2. Срок высылки считать со дня освобождения арестованных из-под стражи.

НАРОДНЫЙ КОМИССАР ГОСУДАРСТВЕННОЙ БЕЗОПАСНОСТИ СОЮЗА ССР (МЕРКУЛОВ)

ПРОКУРОР СОЮЗА ССР (ГОРШЕНИН)

Закончив чтение, Меркулов, чуть не сорвавший голос, ещё раз грозно обвёл взглядом друзей, затерявшихся среди конвоиров, и поставил жирную точку:

— Вам всё понятно?

Ответом была тишина.

— Скажите спасибо товарищу Сталину.

После этих слов нарком и, последовавший за ним Горшенин, покинули «зал заседаний».

Влодзимирский, всё это время ненавидяще смотревший на своих подопечных, сказал:

— Осужденные… возьмите личные вещи и слева по одному, начиная с Бакулева, подходите к столу и расписывайтесь в получении приговора.

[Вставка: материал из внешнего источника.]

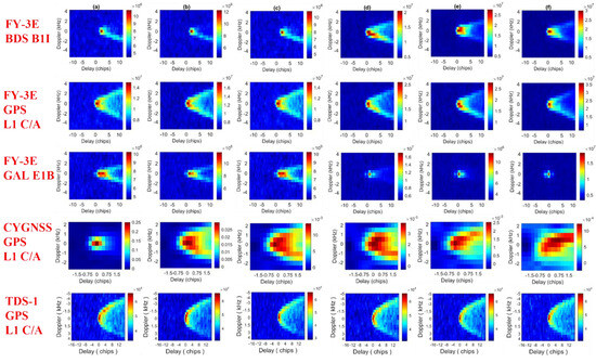 Examples of coherent and noncoherent DDMs observed by different GNSS-R satellites. Each row in the figure represents the DDMs of different GNSS-R satellites; (a–f) represent DDM under coherent or incoherent dominance.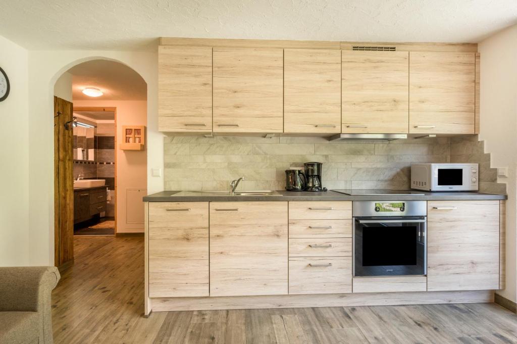 Apartmán Weise Zinne TRILO 4/6 - pro 4-6 osob - zaujme prostorným obývacím pokojem, elegantní dřevěnou podlahou a tradičními tyrolskými selskými kamny, apartmán se nachází v přízemí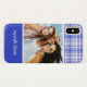 Coques Case-Mate iPhone Photo personnalisée Nom bleu blanc Plaid 2

В этот момент произошло непредвиденное — самый младший, Серго Микоян, из-за заикания обычно стеснявшийся брать на себя инициативу, вдруг запротестовал:

— А мы ничего антисоветского не делали и не хотели делать!… Я не подпишу такую бумагу.

Это послужило сигналом — все загалдели в его поддержку, однако их остановил громовый окрик начследа:

— Всем заткнуться и оставаться на местах! Так вот, щенки, запомните: кто из вас сейчас откажется подписывать это «Заключение», будет немедленно отправлен в карцер. С завтрашнего дня против него начнется дополнительное расследование, и я даю слово, что из тюрьмы такой бунтарь выйдет нескоро!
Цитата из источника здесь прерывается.